Paylaş
Uzun yıllar bu alanda çalışan ve Türkiye’de ilk defa kullanılan EFT (Elektronik Fon Transferi) programının ilk yazılımcılarından biri olan Madazlı, TÜBİTAK’tan destekli birçok projeye imza atmış. Yılların bilgi birikimi ve iş deneyimlerini özellikle gençlerle paylaşmak amacıyla “Yoldan Çekilin Hedefteyim” adlı bir kitap yazan Bahar Hanım, üniversiteye başlayan ikiz çocuklarıyla birlikte yeniden üniversiteye dönerek Anadolu Üniversitesi Sosyoloji Bölümü’nde okumaya başlamış.

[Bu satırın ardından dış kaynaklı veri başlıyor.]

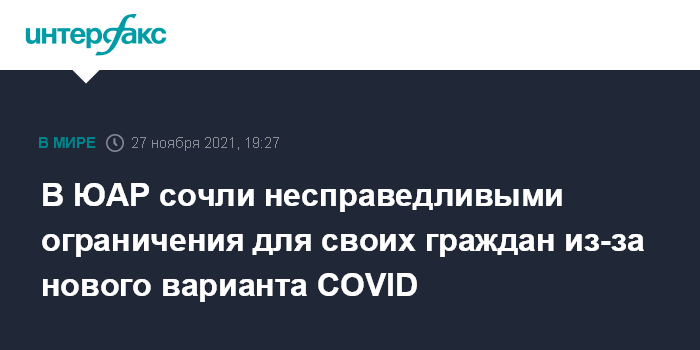 В ЮАР сочли несправедливыми ограничения для своих граждан из-за нового варианта COVID
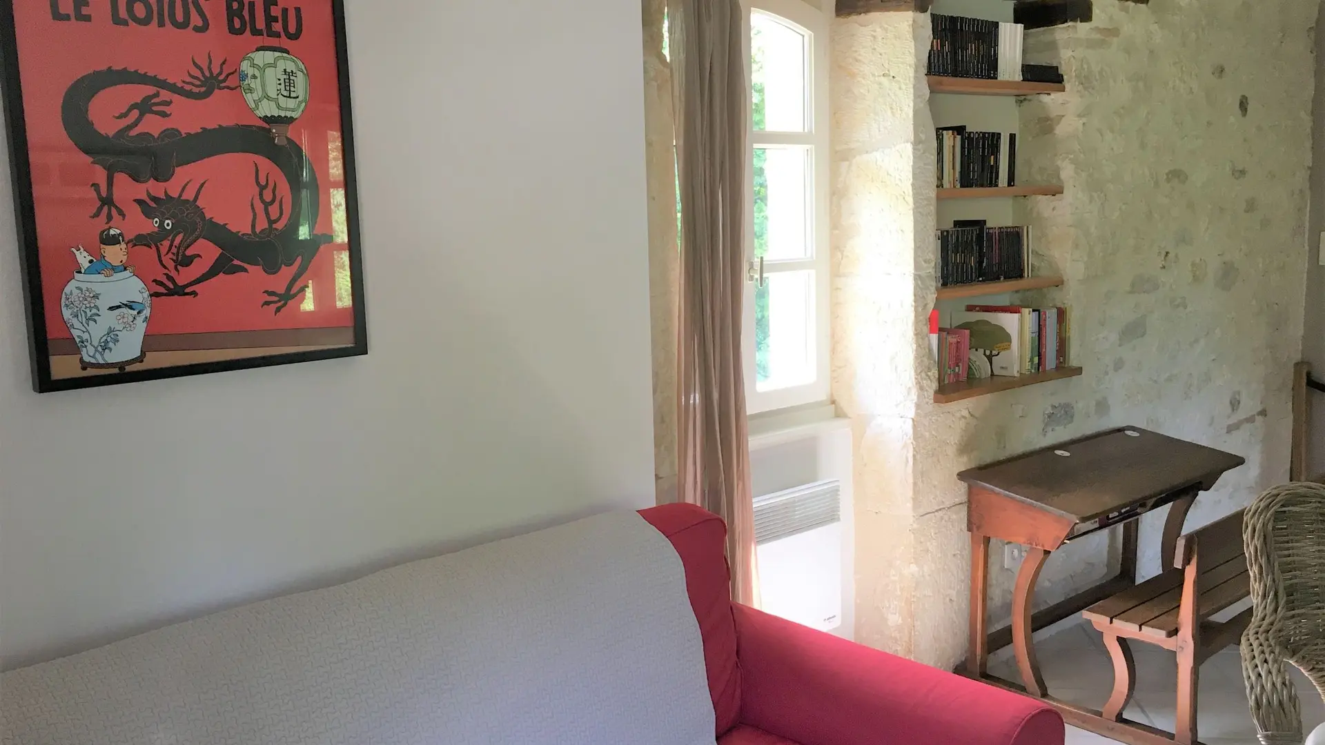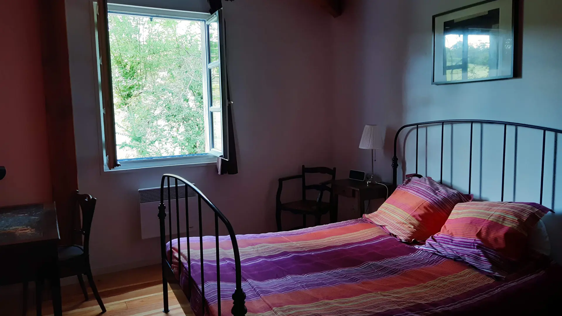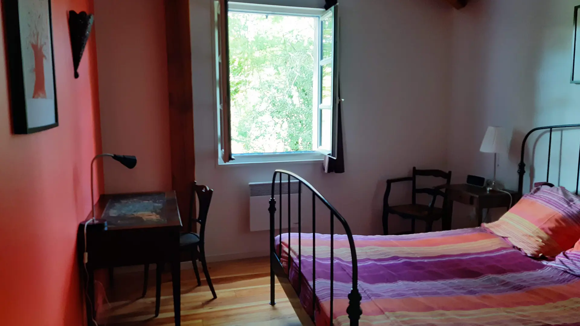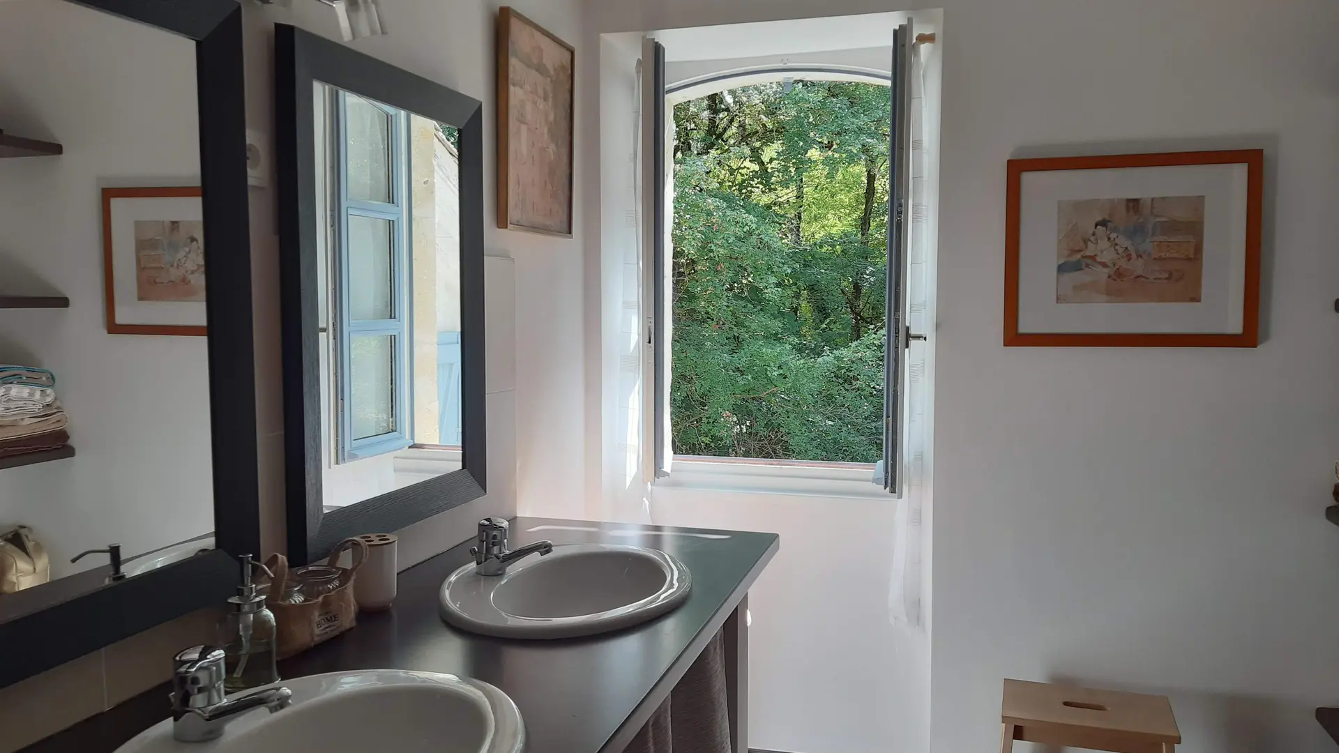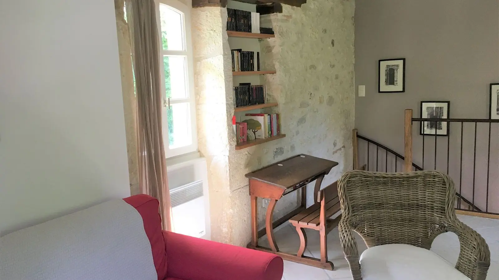 Au rdc : une salle (25 m2) où jadis les meules du moulin fonctionnaient servant de hall d'entrée spacieux, avec un wc et vestiaire, donnant sur un séjour (32 m2) avec un vaste espace cuisine (éléments intégrés (lave-vaisselle, plaques, four, réfrigérateur, congélateur, micro-ondes), un cellier (LL, SL). A l'étage : salon (canapé, fauteuil, TV, lecteur DVD, petit bureau d'écolier), 1 ch (1x160), 1 ch (1x140), 1 ch (2x90), sdb, WC. indépendant. Terrasse (40 m2) avec 2 salons de jardin, barbecue, transats. Terrain privé non clos (900 m2). Equipement bébé sur demande : lit, chaise haute, baignoire. Le prix comprend : le chauffage, l'électricité, la taxe de séjour. En option : loc draps, linge de maison et de toilette, ménage. Pas de wifi.

- Sizi biraz tanıyabilir miyiz?
- İstanbul’da doğdum. Ortaokul ve liseyi Kültür Koleji’nde bitirdim. Sonrasında İzmir Dokuz Eylül Üniversitesi’nde İnşaat Mühendisliği’nden mezun oldum ve bir şantiyede işe başladım. Eş zamanlı olarak bir aylık “basic” programlama kursuna gidiyordum. Kurs merkezinde gördüğüm bir iş ilanı hayatımın akışını değiştirdi ve iş yaşamımı programcı olarak devam ettirdim. 30 yıllık çalışma sürecimin son 12 yılını Yazılımdan Sorumlu Genel Müdür Yardımcısı olarak sürdürdüm. 2 yıl önce de iş hayatımı sonlandırdım. Sonlandırmamdaki asıl amacım çocuklarım üniversiteye hazırlanırken onlara destek olmaktı. Aynı zamanda kişisel gelişim konusunda çalışmalara başladım. Hayatımın bu döneminde kendime farklı bir alan açtım. Tecrübelerimi gençlere ya da daha farklı çevrelere kitaplarımla aktarmaya çalışıyorum. Yeni çıkan kitabımın adı da “Yoldan Çekilin Hedefteyim”. Kişisel gelişim alanında mümkün olduğu kadar yol almak istiyorum. Bunun içinde yazmaya devam ediyorum.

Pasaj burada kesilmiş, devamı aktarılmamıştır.